Katherine Rafferty, Ph.D., M.A.

Katherine Rafferty, Ph.D., M.A.

 

How many Americans are living with chronic illness? What are some of the main coping mechanisms adopted by people diagnosed with a chronic illness, and what contributes to a holistic response to such a diagnosis?

 

Dr. Rafferty: Statistics vary based on which source you cite, but approximately half of all adults (117 million people) in the United States are living with one or more chronic health conditions.[1] Of those people, one in four are diagnosed with two or more chronic conditions.

 

Individuals and families can cope with chronic illness in a variety of ways. My particular area of research looks at the communication practices within families that convey how families cope with chronic illness. Some families are able to foster a sense of hope and resilience amidst difficult diagnoses, while other families struggle and remain hopeless. Many families’ ability to remain hopeful and resilient is dependent on whether they receive helpful social support from other family members and people in their community.[2]

 

What percentage of children are diagnosed with a chronic condition? How do these diagnoses impact the parents? How do their roles as parents change as caretaking and advocacy become larger parts of their lives?

 

Dr. Rafferty: Today, approximately 20% of all North American children have a chronic condition (e.g., diabetes, cerebral palsy, cancer) and 13.9% have special health care needs (e.g., learning accommodations, ongoing medications).[3]

 

Parents have a pervasive and influential role in the pediatric health environment. When their child is diagnosed with a chronic condition, parents must assume new and unexpected responsibilities ranging from manual (e.g., tube feeding) to cerebral (e.g., coordinating appointments). On average, parents spend an extra 30 hours per week tending to the needs of their child’s chronic condition.[4] Many parents regard parental advocacy as part of the caregiver role. Advocacy includes behaviors such as making medical decisions, garnering political support for legislative policies, and seeking out a network of support that has the research, knowledge, and skills to improve their child’s quality of life.[5] Together, these advocacy behaviors are crucial for improving a child’s quality of life, as well as promoting changes that increase public awareness about their child and his or her condition.

 

From the physician’s perspective, what is the best way to approach working with the parents of a child diagnosed with a chronic condition to ensure that the child receives the best care while respecting the role of the parents in decision-making?

 

Dr.

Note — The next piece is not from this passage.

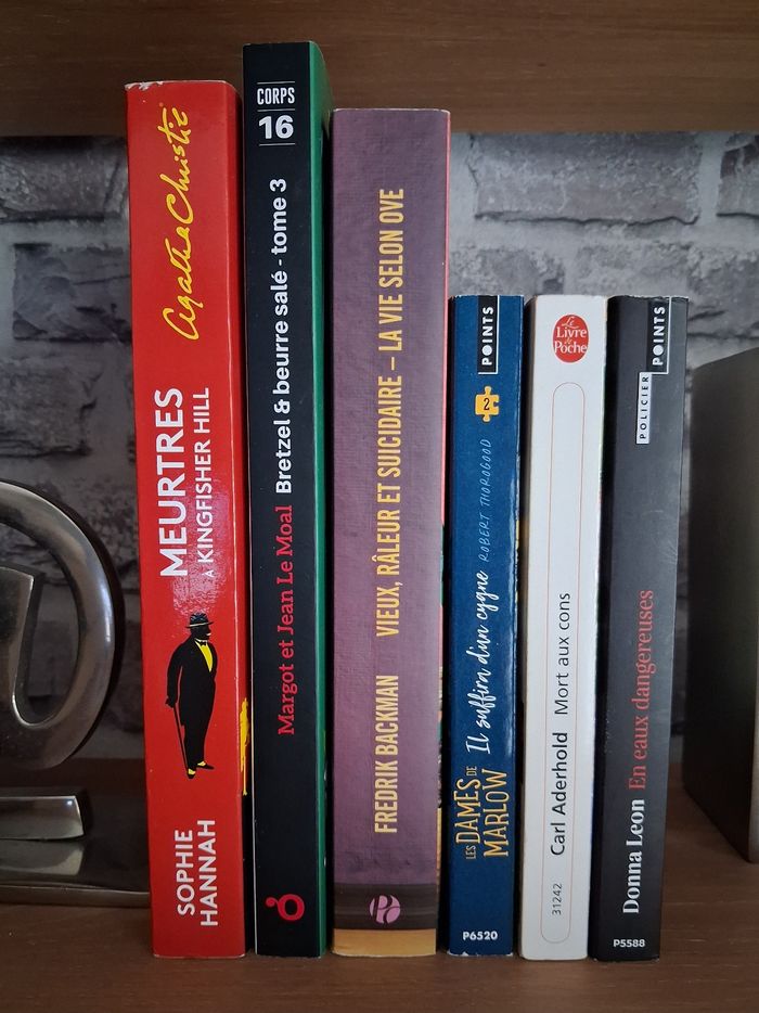 Réduction possible de 30% avec code réduction, soit 28 € le lor. ✏️ Les Dames de Marlow enquêtent Il suffira d’un cygne Edition Points Prix éditeur : 8.95 € Cosy Mystery ✏️ Meurtres à Kingfisher Hills Une nouvelle enquête d'Hercule Poirot Sophie Hannah Edition du masque Prix éditeur : 20.90 € ✏️ Mort aux cons Carl Aderhold Edition Le livre de poche Prix éditeur : 6,95 € Bon état Bretzel et Beurre salé 3 ✏️ L'habit ne fait pas le moine Margot et Jean Le Moal Edition Ookilus Police agrandie : Corps 16 Prix éditeur : 25,50€ Cosy Mystery ✏️ Vieux, râleur et suicidaire Fredrik Backman Edition grand format : Presses de la Cité Prix éditeur : 23 € Littérature Suédoise Note Babelio : 4,10 sur 5 Livre adapté au cinéma sous le titre "Le pire voisin au monde" avec Tom Hanks. ✏️ En eaux dangereuses Donna Leon Edition Points Très bon état Prix éditeur : 8,20 € Bien qu’en très bon état, il s’agit de livres d’occasion qui peuvent présenter des traces sur la couverture ou les coins. N’hésitez pas si vous souhaitez des photos supplémentaires. Livraison acceptée ou remise en main propre possible sur Paris, Bibliothèque François Mitterrand, Gare de Lyon, La Défense, Etampes

Rafferty: My area of research has focused on the family member’s perspectives, particularly parents. However, within this line of research we know that many parents desire collaborative care teams where parents and physicians work together and maintain open dialogue that fosters honesty with realistic hope.[6] Parents and physicians each have a particular area of expertise regarding a child and his or her health, which needs to be respected in order to ensure that a child is receiving the best care possible.

 

How should families and spouses approach end-of-life care and related decision-making that respects the preferences of the dying while also respecting the dignity of life?

 

Dr. Rafferty: In my professional opinion, the best way to approach end-of-life (EOL) care and decision-making that respects all individuals within a family is by having open conversations about EOL preferences early on. These types of conversations help reduce the social stigma and taboo that is typically associated with EOL talk. You cannot understand or know someone’s dying wishes without asking them.

 

In regards to married individuals, although spouses have an integral role in helping their partner navigate the EOL experience, one-third of married couples report avoiding discussions about EOL preferences.[7] Because of this avoidance, discrepancies exist between older adults’ dying wishes and where death actually occurs. For instance, even though 80% of patients prefer to die at home, most older adults die in a hospital.[8] Communication theories, like the Theory of Motivated Information Management,[9] proffer some theoretical insight that illustrates the significance of factors such as anxiety, uncertainty, relational quality, and self-efficacy that all significantly influence whether individuals decide to openly initiate or avoid talk about EOL preferences with their spouse or other family members.[10]

 

Why are you pro-life? If you had 60 seconds to explain to someone why you have pursued the work that you have throughout your career, what do you tell them?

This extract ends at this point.